I mean, according to that book, Woodstock broke even only because of the movie. Also, the expenses involved in putting on Woodstock were small enough because they didn’t do an adequate job of setting up for and handling a large audience. Had they spent that money, they would’ve lost everything. And Woodstock was a rainy, swampy mess. It wasn’t what we all imagined after seeing the movie. In fact, in putting together the US Festival, I later did talk to one of the two guys who’d created Woodstock, and he didn’t want to work with us. He’d consult, that’s it. He didn’t want to do it again. He said he was just a music company executive and it was kind of like they got started on this thing and ended up captives to it.
In a way, that happened to me. The US Festival was exactly the opposite of the Apple experience for me. It didn’t come easily. It involved having plans to get certain groups, and having those groups cancel. It involved having plans for sites, and having those sites cancel. It involved having plans for equipment, and having the equipment not come through. It was a costly battle to do all the right things, but we did them anyway.
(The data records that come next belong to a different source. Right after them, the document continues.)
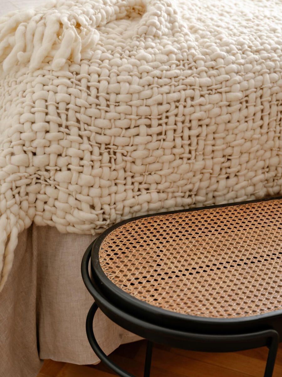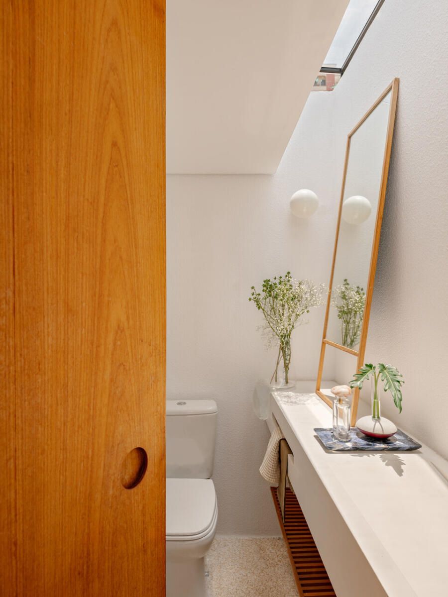 No pavimento superior, a área íntima se desenrola em torno de uma circulação linear iluminada por uma grande abertura zenital, uma janela para o céu que banha o corredor de luz natural. A suíte máster ocupa a fachada principal e recebe um banho em ladrilho hidráulico rosa e cimento queimado, com ventilação e iluminação também garantidas pela zenital. Os quartos das filhas mantêm o mesmo diálogo entre rusticidade e aconchego, com venezianas camarão ripadas em madeira e vistas para a copa do Araçá.
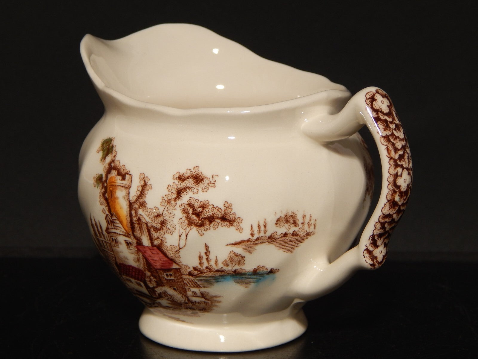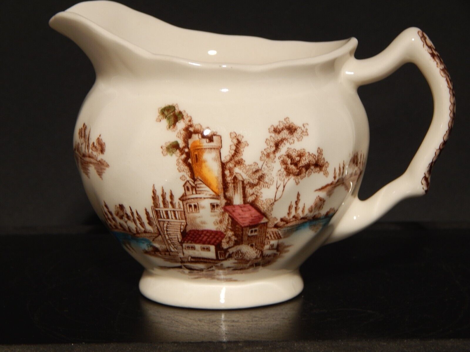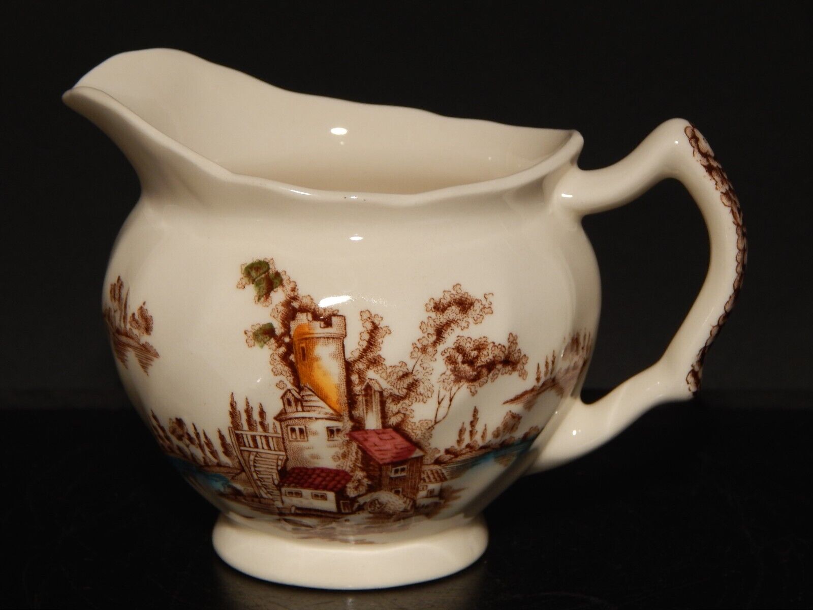 VINTAGE LATTIERA BRICCO SEMI PORCELLANA JOHNSON BROS THE OLD MILL STAMPA A MANO
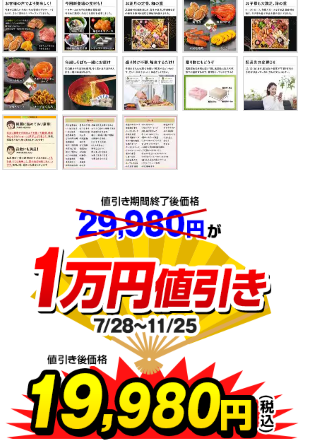 当社は悪くないので今年も昨年と同様の価格表記でおせちを販売中!↓
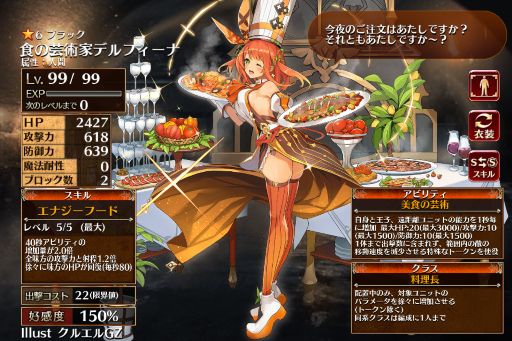 おすすめに掲載中のユニット。Fooooooooooooooooooooooooooooooo!ついに遠距離用の料理人が実装されてしまいましたね。オーガスタが起こした革命を今一度見せてくれるかデルフィーナ。ステータス王子と自分、そして遠距離ユ...
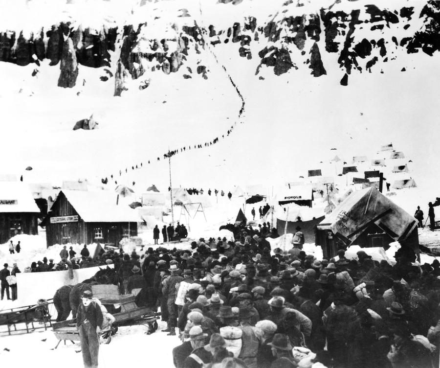 Воскресным утром 1923 года Чаплин разглядывал фотографию с бесконечной вереницей старателей следующих на Клондайк через перевал Чилкут. Эта фотография взбудоражила воображение мастера, тут же возникла масса идей и комедийных ситуаций, постепенно вырисовавшихся в сюжет.
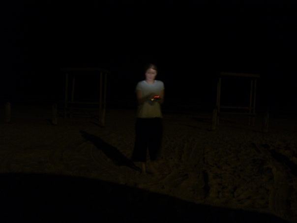 A young ethereal girl, standing on an empty beach on a starless night holding an unidentifiable glowing object
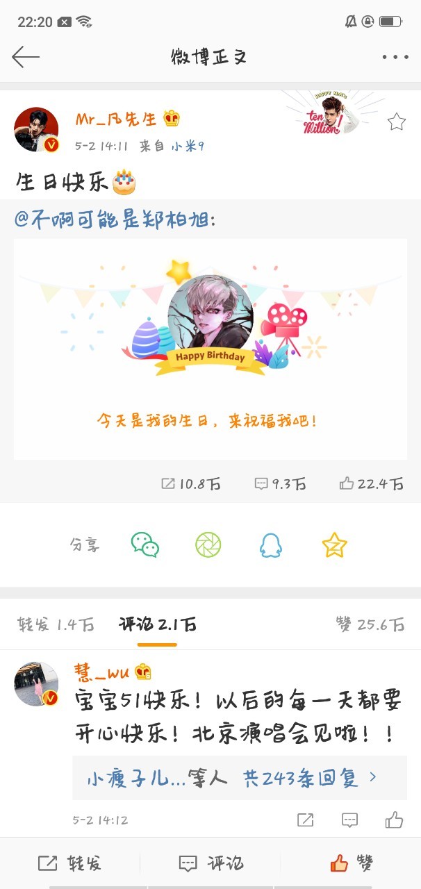 对不起啊,因为上学迟了一天送上祝福。

I’d written a check. I had confidence in my people. I’d already taken a stand, and when you take a stand, you don’t back away from it. Sometimes this has been a big problem in my life—especially marriage-wise—but if I’m in, I’m in. I don’t back out. And by the time I could see this was a disaster, I had this guy, Pete Ellis, and all the people he’d hired, counting o
n me. I couldn’t just
all of a sudden pull the rug out. And we’d already planned the date: the first US Festival would be the Labor Day weekend of 1982, right after my first year back at school.
We finally secured a site, a county park near San Bernardino. It was in kind of a depressed area. The county park needed money, and they saw us as a way to get those funds.
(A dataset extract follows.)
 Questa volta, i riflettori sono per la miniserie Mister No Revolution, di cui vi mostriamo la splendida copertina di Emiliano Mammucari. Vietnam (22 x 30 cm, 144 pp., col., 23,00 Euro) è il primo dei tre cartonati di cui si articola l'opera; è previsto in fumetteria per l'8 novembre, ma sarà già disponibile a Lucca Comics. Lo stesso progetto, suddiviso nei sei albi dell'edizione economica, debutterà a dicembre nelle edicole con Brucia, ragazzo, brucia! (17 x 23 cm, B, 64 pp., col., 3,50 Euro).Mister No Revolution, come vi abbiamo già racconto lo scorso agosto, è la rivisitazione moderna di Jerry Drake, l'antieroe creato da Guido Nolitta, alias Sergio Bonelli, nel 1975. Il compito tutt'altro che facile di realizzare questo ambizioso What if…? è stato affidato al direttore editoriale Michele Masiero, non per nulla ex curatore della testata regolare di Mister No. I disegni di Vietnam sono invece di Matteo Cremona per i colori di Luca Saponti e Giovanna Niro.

There were some great things about this site. For one thing, it was an enormous area which would let us bring lots of trucks and stuff into the amphitheater. This place had the capacity to easily hold about 400,000 people, and hopefully as many as a million. That’s twenty times what the Shoreline Amphitheater in Mountain View holds. (I built Shoreline years later with concert promoter Bill Graham and heiress Ann Getty. I put in $3 million of the $7 million total.)
We didn’t want to use a preexisting arena or stadium, we wanted more of a campout-style setup. And they had a lake and a big area. We had to groom it with all these trucks going day after day after day digging up dirt and getting the right shape. And then we had to quickly plant some fast-growing grass sod to create sort of a grass liner that would span many, many acres.
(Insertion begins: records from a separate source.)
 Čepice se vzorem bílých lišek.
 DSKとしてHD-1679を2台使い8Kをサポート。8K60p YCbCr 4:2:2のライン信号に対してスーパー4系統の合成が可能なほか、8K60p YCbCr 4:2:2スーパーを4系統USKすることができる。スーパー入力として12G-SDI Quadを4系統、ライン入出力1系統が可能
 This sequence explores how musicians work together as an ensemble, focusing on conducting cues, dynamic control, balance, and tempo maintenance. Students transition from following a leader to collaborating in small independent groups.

We of course had to plan for the huge number of people we thought would come. We actually even got a temporary freeway exit, and we got some top highway patrol people who were on our side. They got things approved. The sheriffs of San Bernardino County were behind us, too. We were given this kind of support because we were sending out a good message of people working together, cooperating, getting things done, and putting education and technology shows in tent after tent we set up. So it was obvious to them that we weren’t just rowdy concertgoers, but sort of good guys. In fact, the sheriffs were so behind us they even gave me an honorary sheriff’s badge.
We started contracting with companies that put up sound systems and stages and artwork. We also had the most incredible
sound system ever done. Not only did we have speakers at the main stage, but we also had extra speakers deep into the audience. This meant the sound in the back was delayed exactly to the point where it would match the front ones. So everyone could hear the music at the same time.